Alexander De Croo épingle la versatilité de la politique extérieure américaine

Le ministre belge de la Coopération, Alexander De Croo, s’est montré critique mercredi à propos de la politique américaine dans le conflit syrien. Il juge que celle-ci change trop facilement en fonction de l’interlocuteur et des circonstances. L’ancien président Obama avait promis qu’il agirait contre la Syrie en cas de recours aux armes chimiques. Une « ligne rouge » franchie à l’été 2013 mais Washington avait renoncé à une intervention militaire. Aux yeux du ministre belge, ne pas donner suite à ce discours constitue une « faute ». « Mais le problème aujourd’hui, ce n’est pas ce qui n’a pas eu lieu mais qu’il n’y a pas de ligne (de conduite) dans la politique étrangère américaine, qu’elle tourne en fonction du vent », a-t-il déclaré sur le plateau de l’émission « Ter Zake ».

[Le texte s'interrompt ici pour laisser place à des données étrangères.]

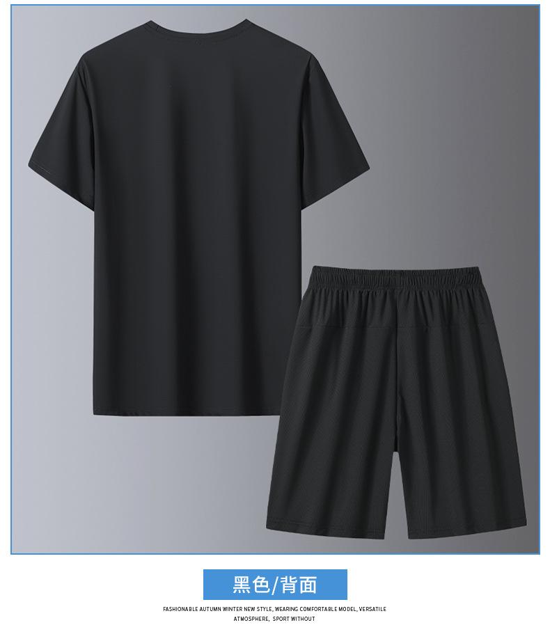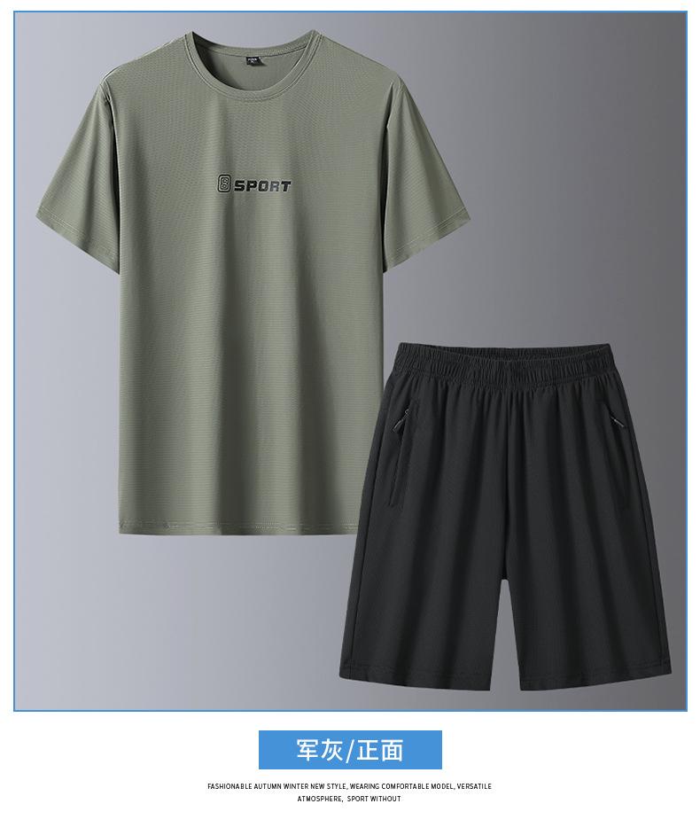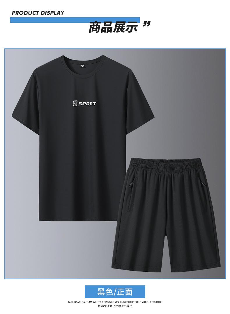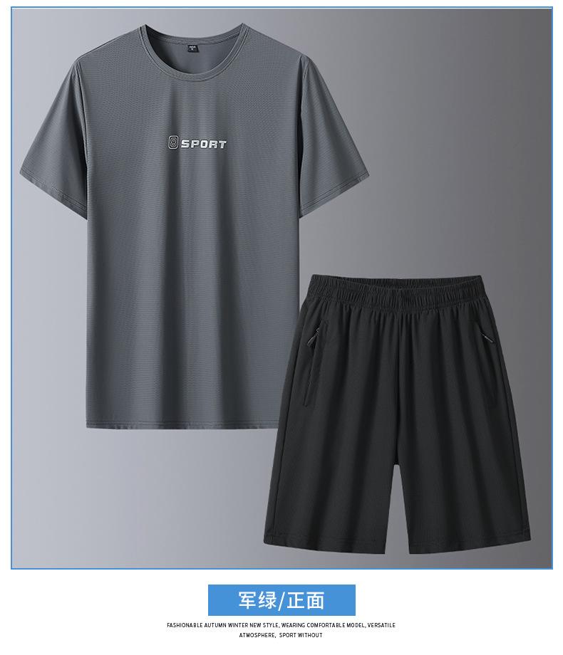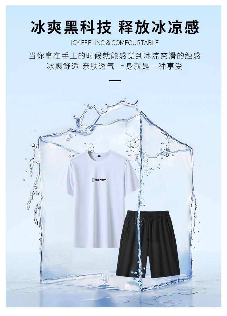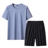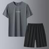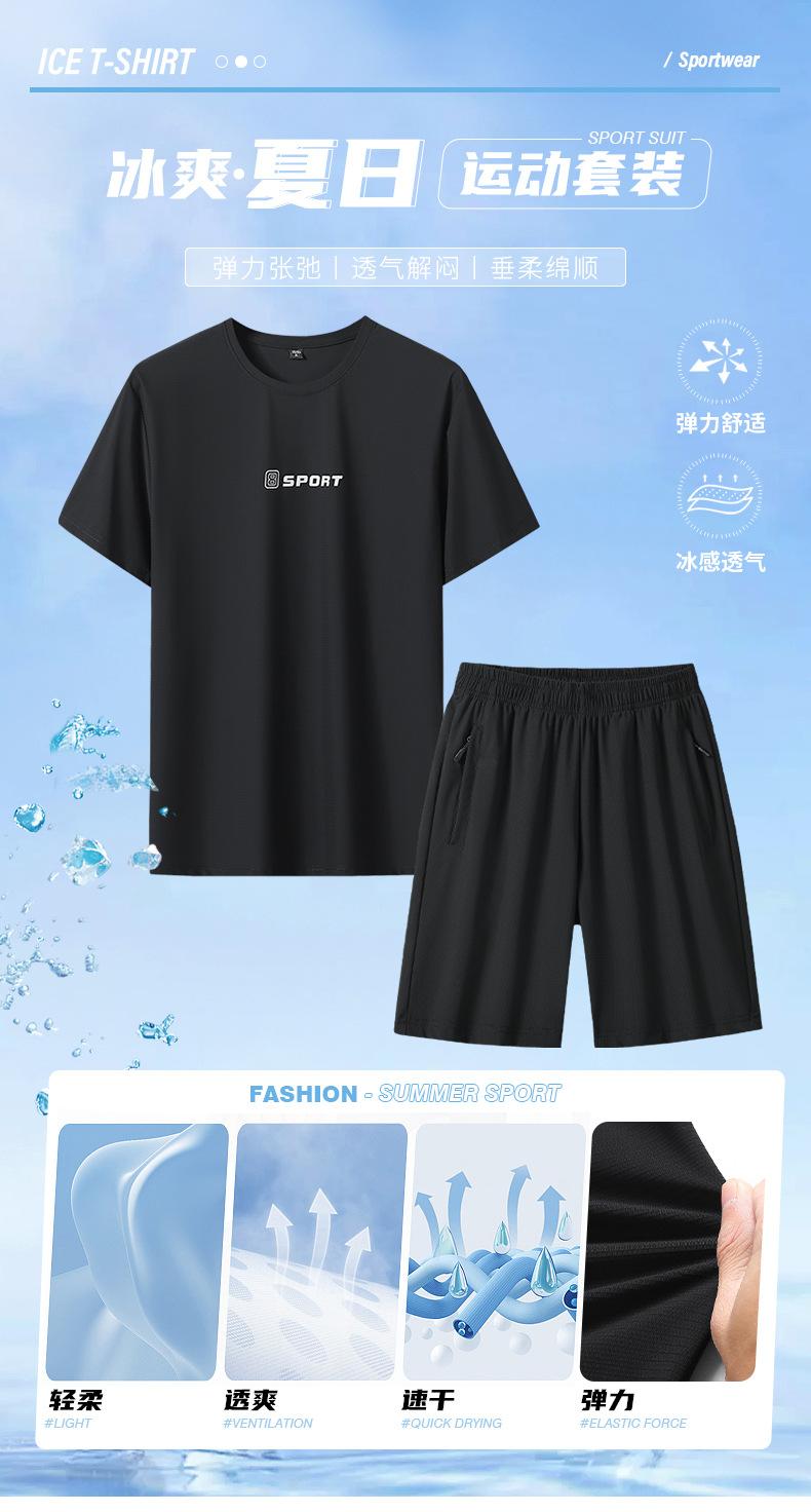 Traje de seda de hielo para hombre, verano, fresco, de secado rápido, elástico, camiseta de manga corta, pantalones cortos, traje deportivo de dos piezas de moda transfronteriza.

Le vice-premier ministre Open Vld épingle notamment les changements d’attitude de l’administration Trump envers le président syrien Bachar El-Assad dont le maintien au pouvoir pose ou ne pose pas de problème selon la personne qui s’exprime.

« Il y a un vide aujourd’hui rempli par la Russie et la Turquie », constate M. De Croo qui appelle à un réveil de l’Union européenne.

Après l’attaque chimique perpétrée dans la province d’Idleb, l’ambassadrice des Etats-Unis aux Nations-Unies a évoqué une possible action unilatérale en Syrie. Le ministre belge a mis en garde contre toute réaction « impulsive » et « précipitée ». Il faut attendre les résultats de l’enquête internationale, a-t-il plaidé.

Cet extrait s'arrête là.